I am recently learning from Loring W. Tu's An Introduction to Manifolds the concept graded algebra, which is used for introducing exterior algebra. I don't understand the following definition:
An algebra $A$ over a field $K$ is said to be graded if it can be written as a direct sum $A=\bigoplus_{k=0}^{\infty}A^k$ of vector spaces over $K$ such that the multiplication map sends $A^k\times A^l$ to $A^{k+l}$.
Here are the questions:
- What does $k$ in $A^k$ mean? Is it a superscript or the power of $A$? (If it is the power, what does $A^0$ mean?)
- Since I don't know much but some very basic knowledge in abstract algebra, I am trying to understand the concept with some simple examples. (I don't quite understand the wiki article of graded algebra). Is there any example as simple as the linear space ${\mathbb R}^n$ for the graded algebra? And what does it look like concretely?
It's a superscript.
The standard example is the polynomial ring $K[x_1, ... x_n]$, which is graded by total degree. That is, you can take $A^k$ to be the subspace of homogeneous polynomials of degree exactly $k$. In fact this is the free graded $K$-algebra on $n$ elements of degree $1$.

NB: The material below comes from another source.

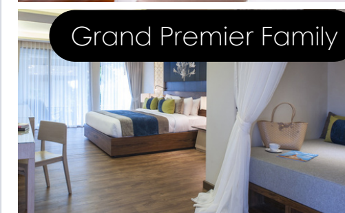
Grand Premier Family

People who talk about graded algebras often don't bother to point out that specifying a grading is essentially the same thing as specifying a nice representation of the multiplicative group $K^{\times}$ on the algebra. An element $a \in K^{\times}$ acts on elements of degree $k$ by $x \mapsto a^k x$. The first axiom of a graded algebra says that the algebra splits up into a direct sum of irreducible representations, and the second axiom says that the action of $K^{\times}$ respects multiplication.